##### Source information

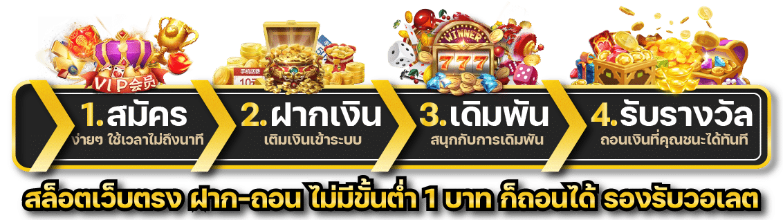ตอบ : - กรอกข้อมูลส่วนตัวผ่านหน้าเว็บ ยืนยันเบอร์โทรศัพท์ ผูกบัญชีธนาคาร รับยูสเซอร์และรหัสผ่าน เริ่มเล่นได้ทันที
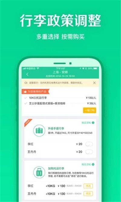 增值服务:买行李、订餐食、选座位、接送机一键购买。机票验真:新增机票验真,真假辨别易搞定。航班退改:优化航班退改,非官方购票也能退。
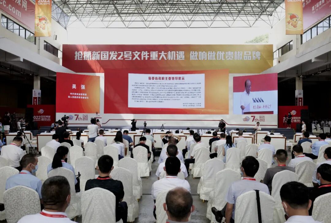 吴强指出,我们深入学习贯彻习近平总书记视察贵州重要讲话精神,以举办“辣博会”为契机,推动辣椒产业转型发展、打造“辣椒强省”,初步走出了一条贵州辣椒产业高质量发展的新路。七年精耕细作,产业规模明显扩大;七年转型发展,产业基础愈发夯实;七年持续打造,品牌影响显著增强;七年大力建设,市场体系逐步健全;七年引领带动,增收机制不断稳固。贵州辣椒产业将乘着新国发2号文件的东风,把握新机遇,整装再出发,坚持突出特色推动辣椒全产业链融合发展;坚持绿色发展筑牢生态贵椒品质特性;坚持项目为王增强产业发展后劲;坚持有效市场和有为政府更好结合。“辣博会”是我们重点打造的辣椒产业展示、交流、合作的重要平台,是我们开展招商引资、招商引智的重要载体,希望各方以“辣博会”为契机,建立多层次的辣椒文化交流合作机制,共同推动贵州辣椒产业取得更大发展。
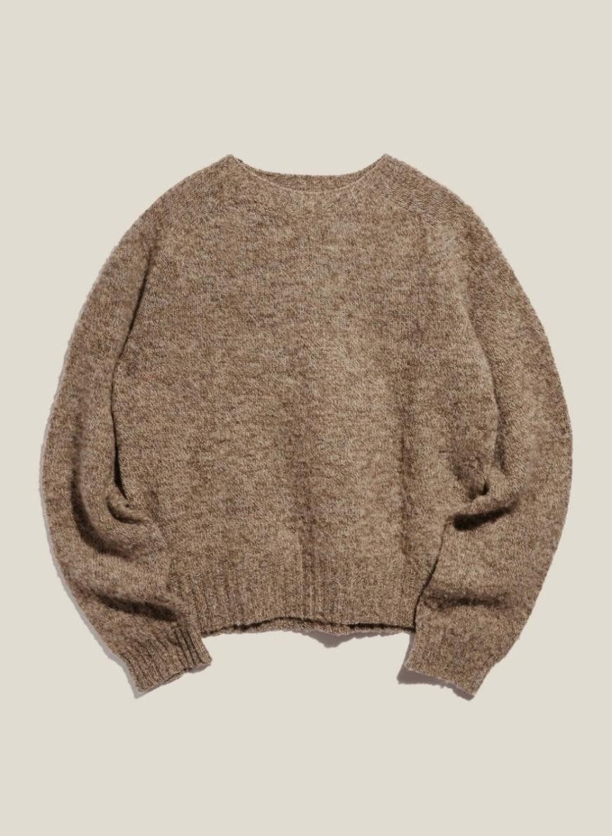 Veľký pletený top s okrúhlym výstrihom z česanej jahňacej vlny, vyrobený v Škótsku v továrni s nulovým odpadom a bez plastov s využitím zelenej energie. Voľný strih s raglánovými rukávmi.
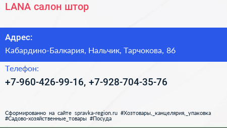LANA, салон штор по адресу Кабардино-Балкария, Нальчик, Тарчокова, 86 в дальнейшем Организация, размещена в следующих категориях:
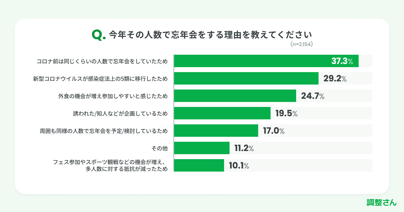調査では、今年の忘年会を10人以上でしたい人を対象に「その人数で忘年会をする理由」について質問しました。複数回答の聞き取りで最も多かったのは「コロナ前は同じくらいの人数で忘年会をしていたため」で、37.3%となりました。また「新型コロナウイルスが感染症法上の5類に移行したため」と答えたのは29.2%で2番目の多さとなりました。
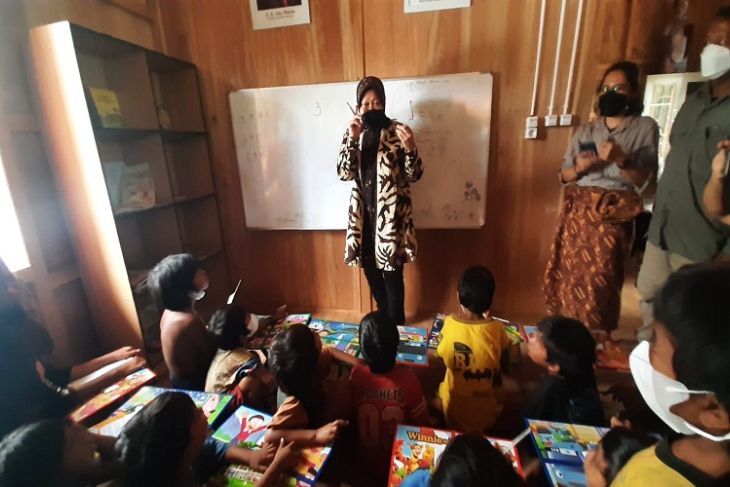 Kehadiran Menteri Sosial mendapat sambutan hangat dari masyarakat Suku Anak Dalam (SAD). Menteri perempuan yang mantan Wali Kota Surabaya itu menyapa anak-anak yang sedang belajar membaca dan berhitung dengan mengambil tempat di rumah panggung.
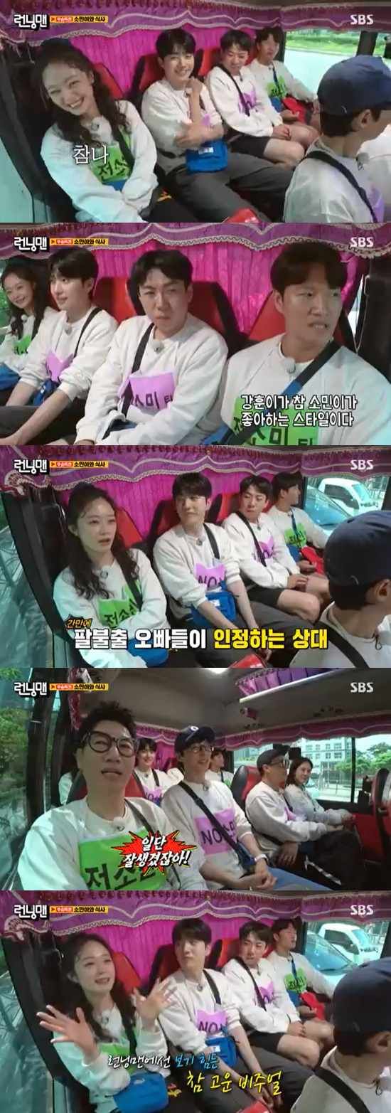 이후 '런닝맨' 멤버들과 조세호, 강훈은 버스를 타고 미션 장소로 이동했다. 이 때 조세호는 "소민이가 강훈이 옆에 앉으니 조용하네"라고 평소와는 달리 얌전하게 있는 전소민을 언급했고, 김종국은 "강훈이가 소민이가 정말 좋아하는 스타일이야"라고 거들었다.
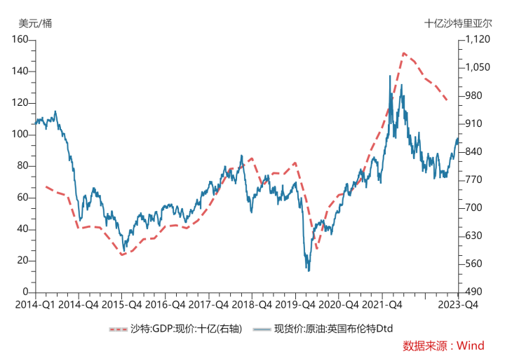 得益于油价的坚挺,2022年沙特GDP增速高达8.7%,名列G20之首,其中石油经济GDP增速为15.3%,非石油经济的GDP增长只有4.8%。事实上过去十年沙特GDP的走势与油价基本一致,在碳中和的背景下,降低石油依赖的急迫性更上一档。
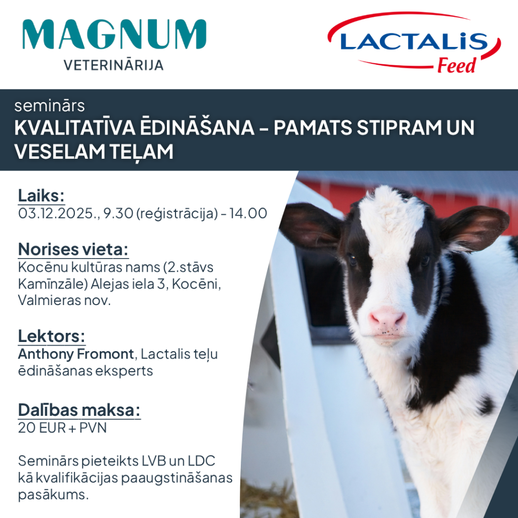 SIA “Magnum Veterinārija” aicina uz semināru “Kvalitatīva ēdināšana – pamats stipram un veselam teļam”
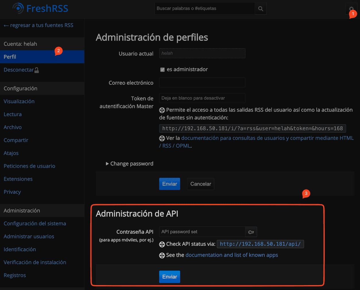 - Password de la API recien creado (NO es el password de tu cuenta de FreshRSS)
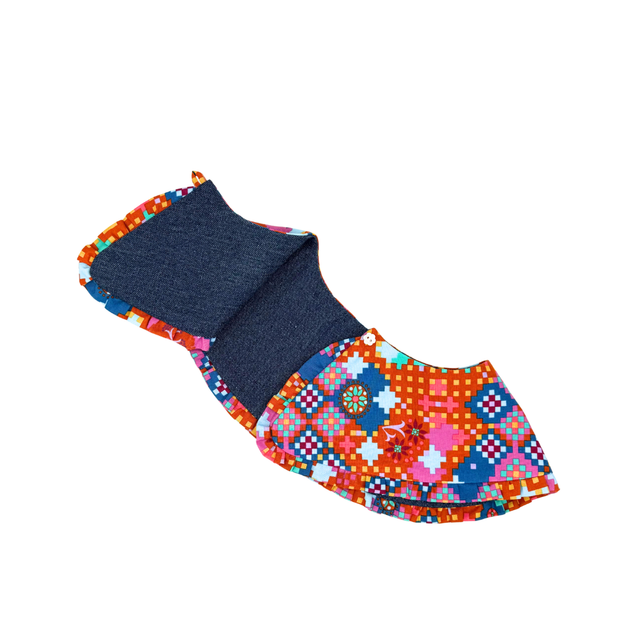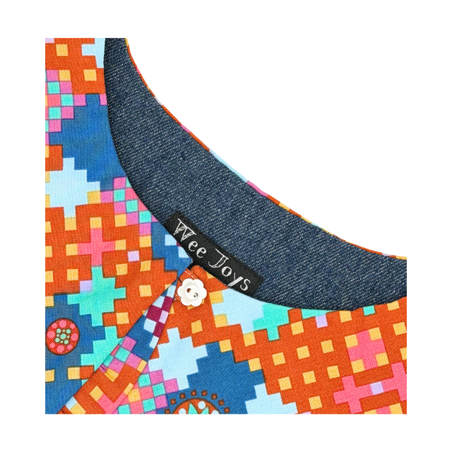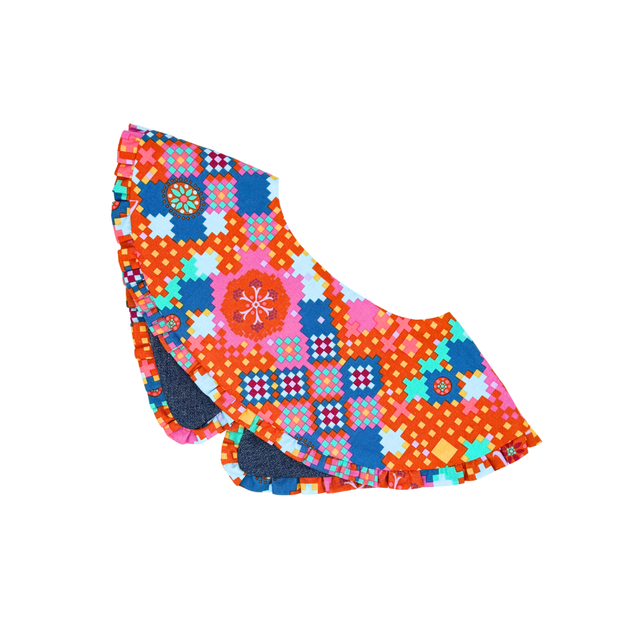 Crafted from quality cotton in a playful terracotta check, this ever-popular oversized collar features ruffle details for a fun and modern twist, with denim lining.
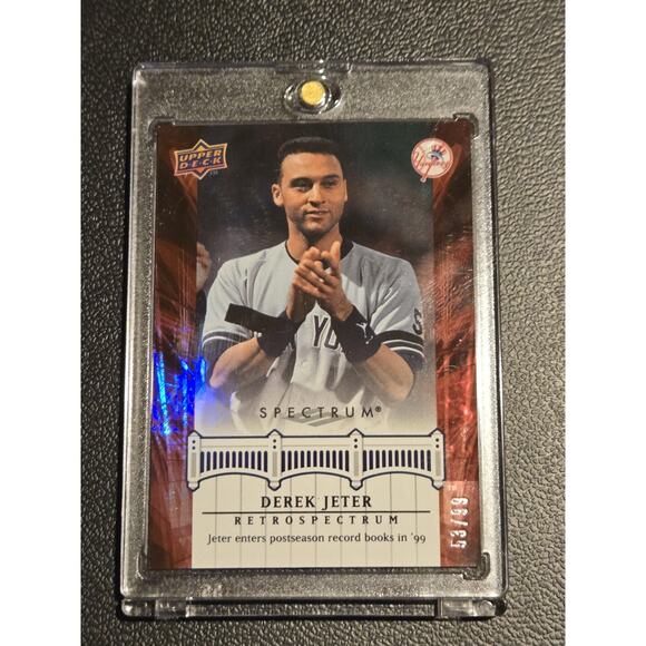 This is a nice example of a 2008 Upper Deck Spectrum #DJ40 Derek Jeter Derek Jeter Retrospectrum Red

##########

Pictures are to be left out. Everything else in the records must be written out exactly.

> [Task answer]
ตอบ : - กรอกข้อมูลส่วนตัวผ่านหน้าเว็บ ยืนยันเบอร์โทรศัพท์ ผูกบัญชีธนาคาร รับยูสเซอร์และรหัสผ่าน เริ่มเล่นได้ทันที
 增值服务:买行李、订餐食、选座位、接送机一键购买。机票验真:新增机票验真,真假辨别易搞定。航班退改:优化航班退改,非官方购票也能退。
 吴强指出,我们深入学习贯彻习近平总书记视察贵州重要讲话精神,以举办“辣博会”为契机,推动辣椒产业转型发展、打造“辣椒强省”,初步走出了一条贵州辣椒产业高质量发展的新路。七年精耕细作,产业规模明显扩大;七年转型发展,产业基础愈发夯实;七年持续打造,品牌影响显著增强;七年大力建设,市场体系逐步健全;七年引领带动,增收机制不断稳固。贵州辣椒产业将乘着新国发2号文件的东风,把握新机遇,整装再出发,坚持突出特色推动辣椒全产业链融合发展;坚持绿色发展筑牢生态贵椒品质特性;坚持项目为王增强产业发展后劲;坚持有效市场和有为政府更好结合。“辣博会”是我们重点打造的辣椒产业展示、交流、合作的重要平台,是我们开展招商引资、招商引智的重要载体,希望各方以“辣博会”为契机,建立多层次的辣椒文化交流合作机制,共同推动贵州辣椒产业取得更大发展。
 Veľký pletený top s okrúhlym výstrihom z česanej jahňacej vlny, vyrobený v Škótsku v továrni s nulovým odpadom a bez plastov s využitím zelenej energie. Voľný strih s raglánovými rukávmi.
LANA, салон штор по адресу Кабардино-Балкария, Нальчик, Тарчокова, 86 в дальнейшем Организация, размещена в следующих категориях:
調査では、今年の忘年会を10人以上でしたい人を対象に「その人数で忘年会をする理由」について質問しました。複数回答の聞き取りで最も多かったのは「コロナ前は同じくらいの人数で忘年会をしていたため」で、37.3%となりました。また「新型コロナウイルスが感染症法上の5類に移行したため」と答えたのは29.2%で2番目の多さとなりました。
 Kehadiran Menteri Sosial mendapat sambutan hangat dari masyarakat Suku Anak Dalam (SAD). Menteri perempuan yang mantan Wali Kota Surabaya itu menyapa anak-anak yang sedang belajar membaca dan berhitung dengan mengambil tempat di rumah panggung.
 이후 '런닝맨' 멤버들과 조세호, 강훈은 버스를 타고 미션 장소로 이동했다. 이 때 조세호는 "소민이가 강훈이 옆에 앉으니 조용하네"라고 평소와는 달리 얌전하게 있는 전소민을 언급했고, 김종국은 "강훈이가 소민이가 정말 좋아하는 스타일이야"라고 거들었다.
 得益于油价的坚挺,2022年沙特GDP增速高达8.7%,名列G20之首,其中石油经济GDP增速为15.3%,非石油经济的GDP增长只有4.8%。事实上过去十年沙特GDP的走势与油价基本一致,在碳中和的背景下,降低石油依赖的急迫性更上一档。
 SIA “Magnum Veterinārija” aicina uz semināru “Kvalitatīva ēdināšana – pamats stipram un veselam teļam”
 - Password de la API recien creado (NO es el password de tu cuenta de FreshRSS)
 Crafted from quality cotton in a playful terracotta check, this ever-popular oversized collar features ruffle details for a fun and modern twist, with denim lining.
 This is a nice example of a 2008 Upper Deck Spectrum #DJ40 Derek Jeter Derek Jeter Retrospectrum Red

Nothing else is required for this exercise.